═════ DATASET RECORDS

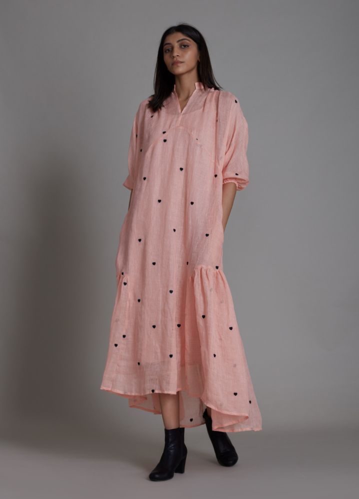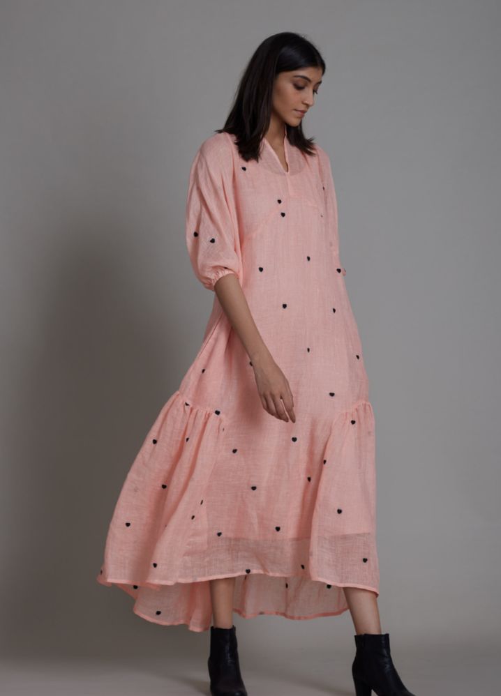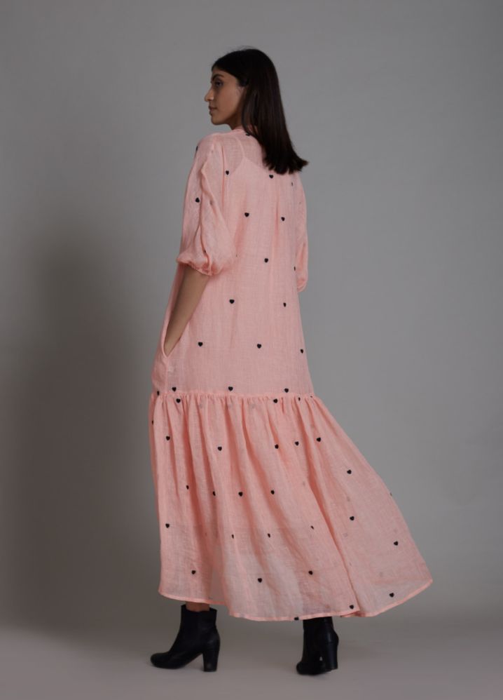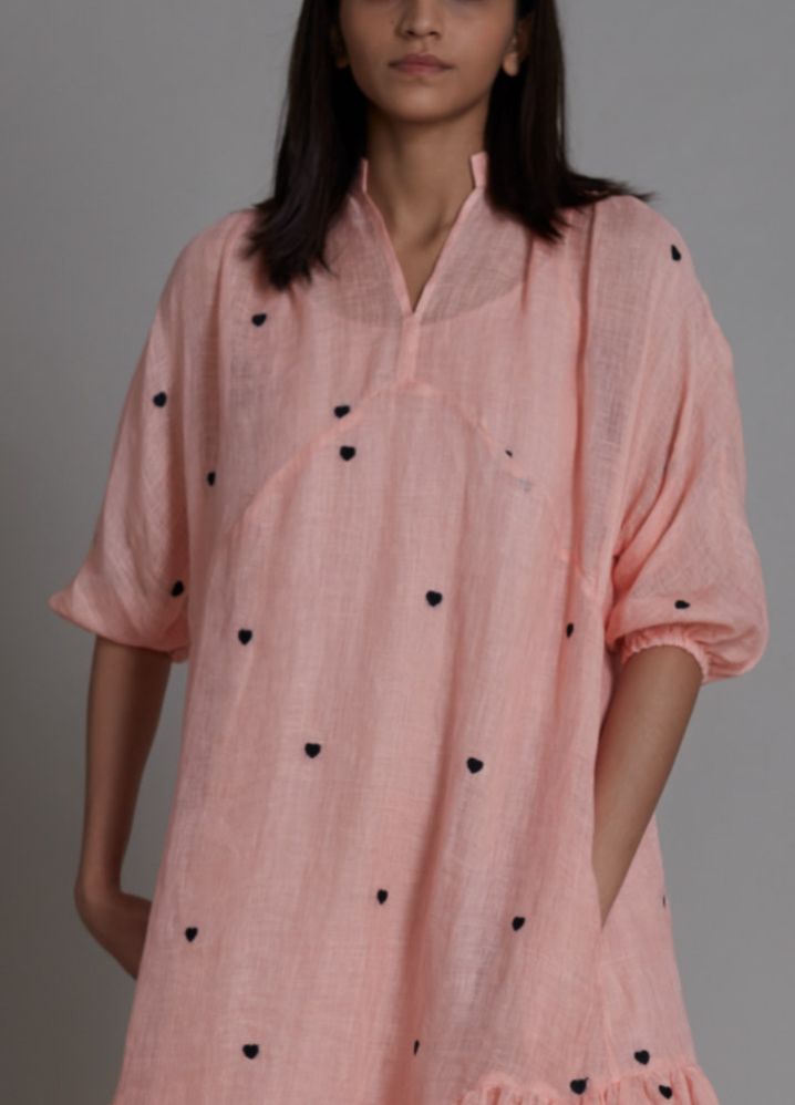 تايني - فستان ميدي بطبعات قلب صغيرة - زهري
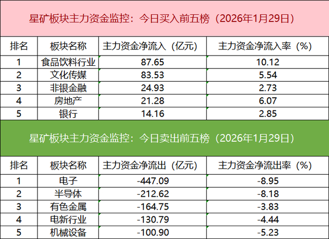 从主力板块资金监控数据来看,食品饮料行业主力资金净流入居首。
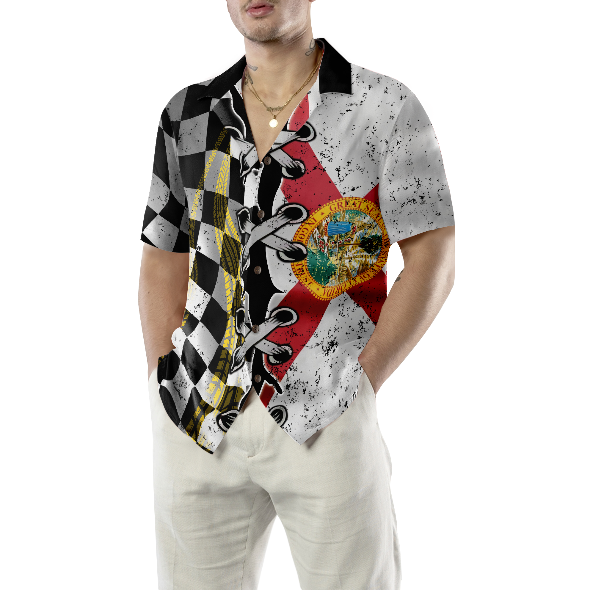 Florida Racing Flag Hawaiian Shirt - Hyperfavor
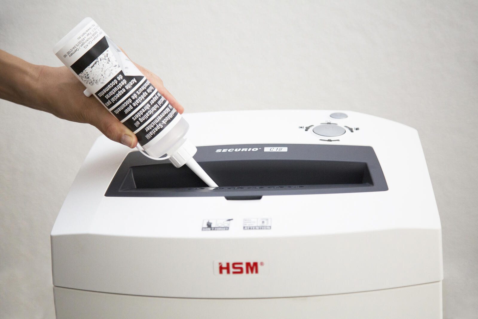 Durch den regelmäßigen Einsatz von original HSM Schneidblock-Spezialöl wird eine maximale Lebensdauer und eine konstant hohe Schnittleistung des Aktenvernichters gewährleistet. Das Öl ist dabei biologisch abbaubar.
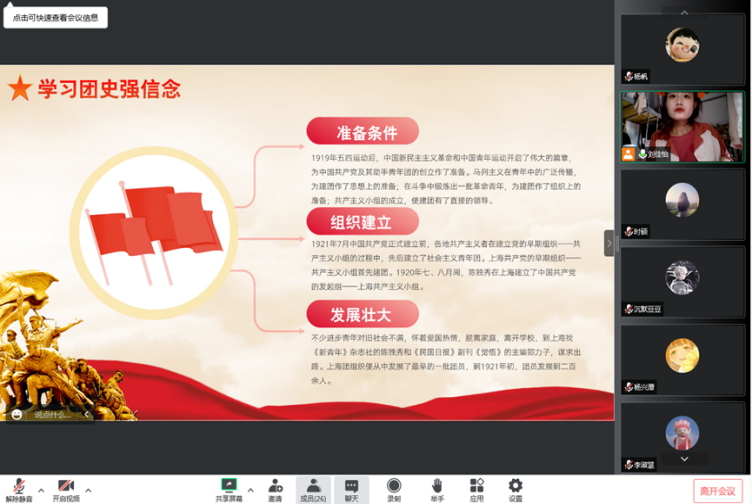 本次团日活动支部全体成员共同观看了由青年演员王一博、周冬雨为庆祝央视“百年礼赞”合唱的《年轻的朋友来相会》。“这首歌再一次让我们看到了老一辈人的精神传承,更是意味着美好的未来。从这首歌中我们用青春歌声礼赞百年,祝福祖国繁荣昌盛。”团支书刘佳怡如是说道。在“青年责任与担当”讨论环节同学们积极参与,踊跃发言:“清澈的爱,只为中国”“请党放心,强国有我”“风声雨声读书声,声声入耳;国事家事天下事,事事关心” ……最后,团支书刘佳怡总结概括了两个核心关键词:“紧跟党走”和“跟党奋斗”。
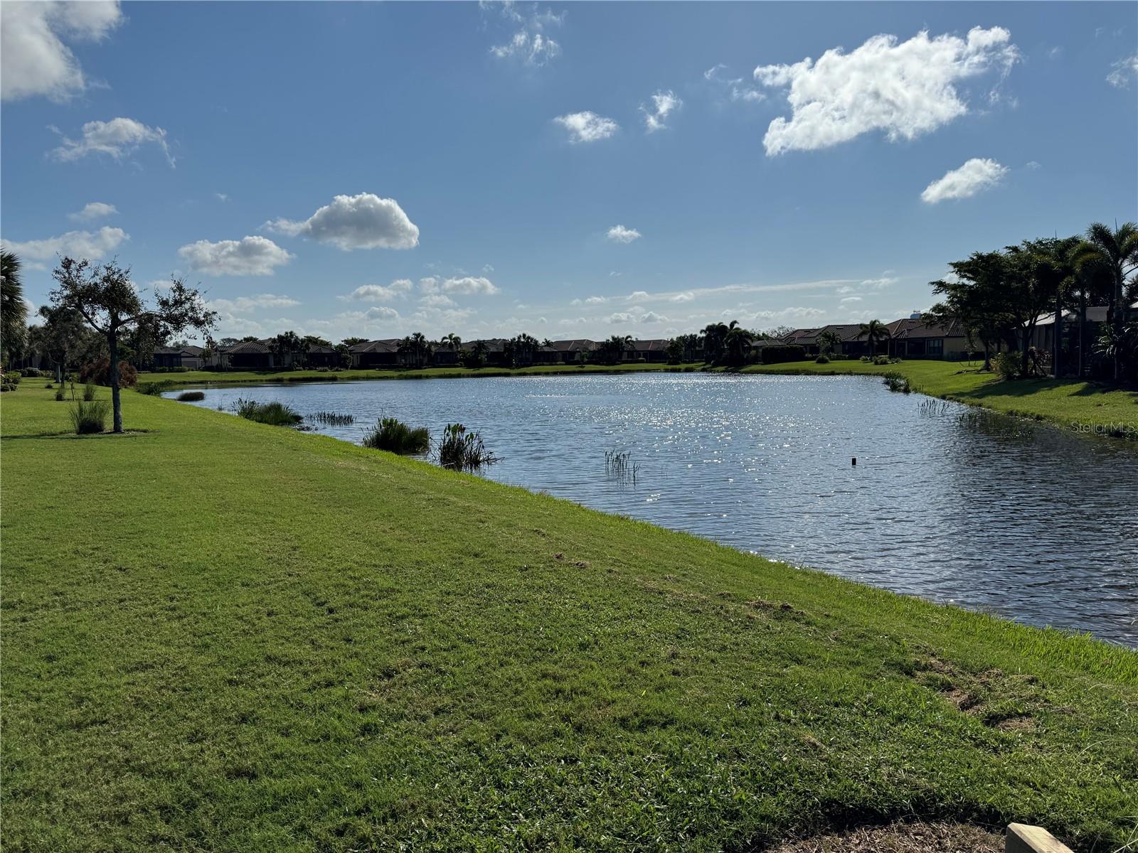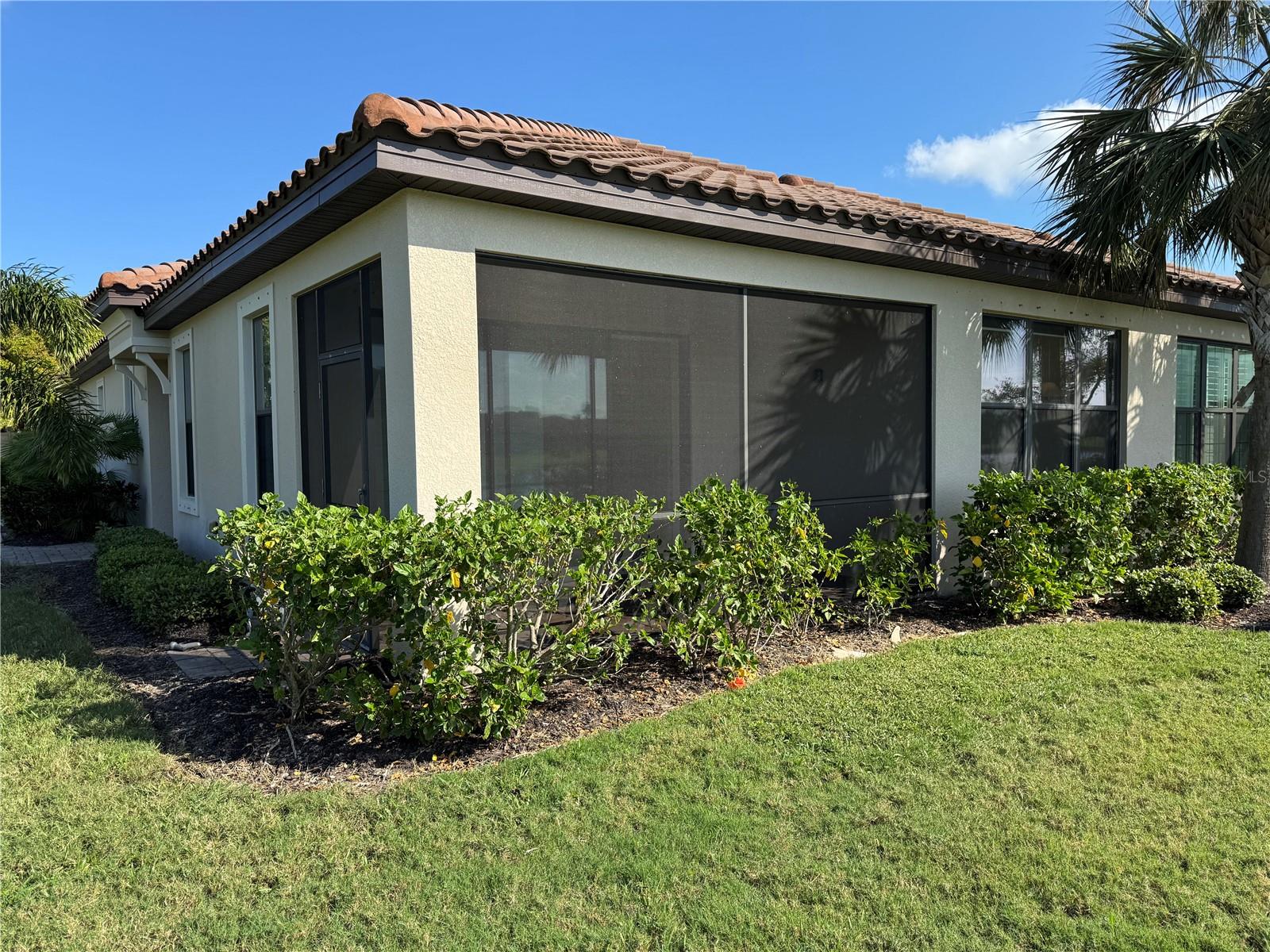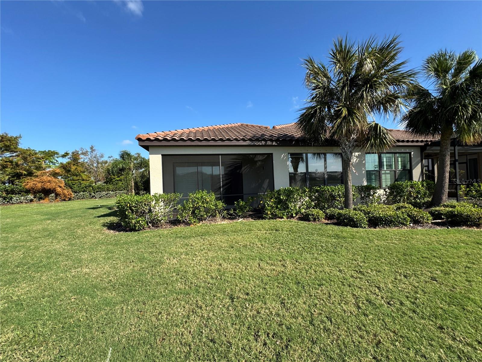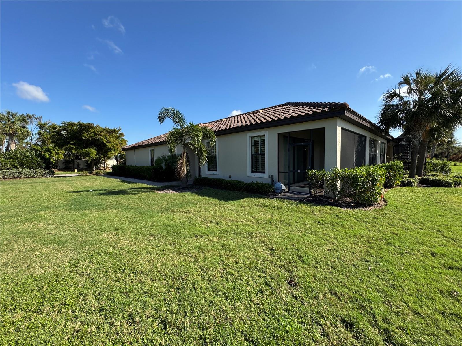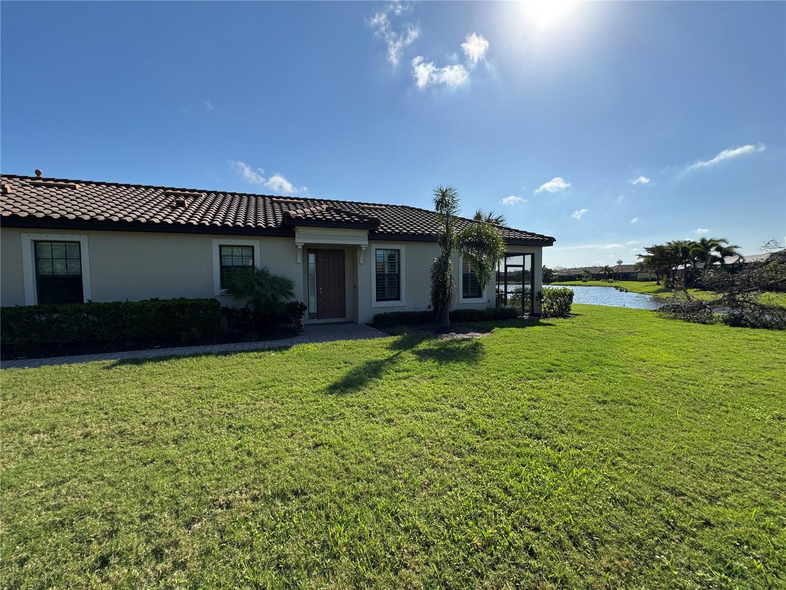 Lowest priced 3 bedroom Villa at this time, don't miss out on this great opportunity. One of the best locations within the Esplanade by Siesta Key. End unit, lake view, located at the end of a cul-de-sac and adjacent open space. This 3-bedroom 2 bath with an office or den is ready for immediate occupancy. The home has 1886 sq ft of living space, with a screened covered porch enclosure overlooking the large lake. The large open floor plan includes the living room with tray ceilings and custom plantation shutters. The kitchen and dining areas make it great for entertaining. The custom kitchen is equipped with all stainless-steel appliances and a six-burner gas range. Beautiful custom cabinets, granite countertops with travertine backsplash. The primary suite overlooks the lake with 3 large windows allowing the natural light in, or use the motorized shades for privacy. The primary bath has dual sinks with a makeup area, and a large walk-in shower with bench. Custom built-ins in the oversize closet should make everyone happy. The 2 additional bedrooms are split with the second bath with tub/shower. The office includes a large custom built-in desk. Great laundry area with folding counter and plenty of cabinet space. Large 2 car garage with an additional refrigerator, overhead storage and custom wall cabinets. DONT FORGET ABOUT THE 22KW GENERAC WHOLE HOUSE GENERATOR AND HURRICANE SHUTTERS. Over at the amenities center there is a large, beautiful resort style pool and hot tub. Lots of seating areas and outdoor grilling space, tennis court, bocce ball, pickle ball, a fully equipped gym with showers and restrooms, a rec room area with kitchen, sitting area, dining tables, a TV, pool table etc. The Esplanade is so close to Siesta Key beaches you can smell the salt air. Many great restaurants and shopping are just minutes away. Easy access with 2 entrances available. Time to enjoy the maintenance free lifestyle, you won't be disappointed...
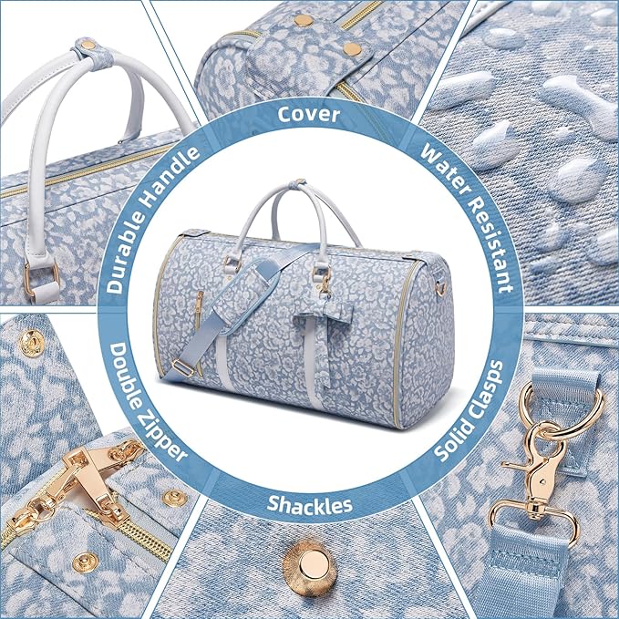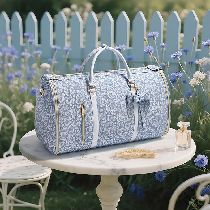 - Stylish & Versatile for Any Occasion: More than a travel bag – it's your life's stylish sidekick! The PU leather elevates every scene: from gym sessions to weekend brunches, or as a thoughtful gift (Halloween/Christmas). The elegant white-blue charms ladis, professionals, and brides alike, while the luggage sleeve attaches securely to suitcases. For jet-setters who demand both function and flair, this is your match
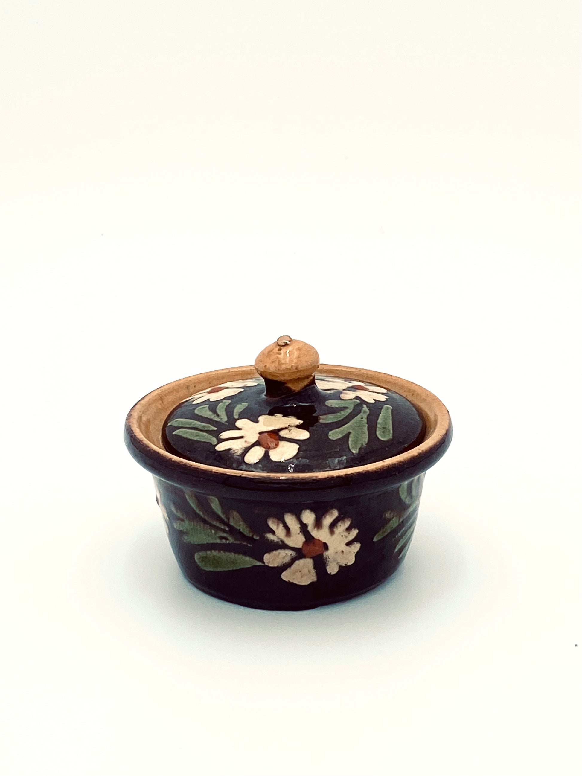 Klein maar heel fijn: een oud handgemaakt aardewerk Alsacienne bakje mét deksel en handgeschilderde bloemen. Om o.a. ieniemienie porties, (kruiden)boter of kruiden in te doen.

══════════

**PROBLEM DESCRIPTION**
Please return, exactly and with pictures omitted, the lines from the line holding "- Stylish &" through the end of the data above, inclusive.

**RESULT OF THE TASK**
 - Stylish & Versatile for Any Occasion: More than a travel bag – it's your life's stylish sidekick! The PU leather elevates every scene: from gym sessions to weekend brunches, or as a thoughtful gift (Halloween/Christmas). The elegant white-blue charms ladis, professionals, and brides alike, while the luggage sleeve attaches securely to suitcases. For jet-setters who demand both function and flair, this is your match
 Klein maar heel fijn: een oud handgemaakt aardewerk Alsacienne bakje mét deksel en handgeschilderde bloemen. Om o.a. ieniemienie porties, (kruiden)boter of kruiden in te doen.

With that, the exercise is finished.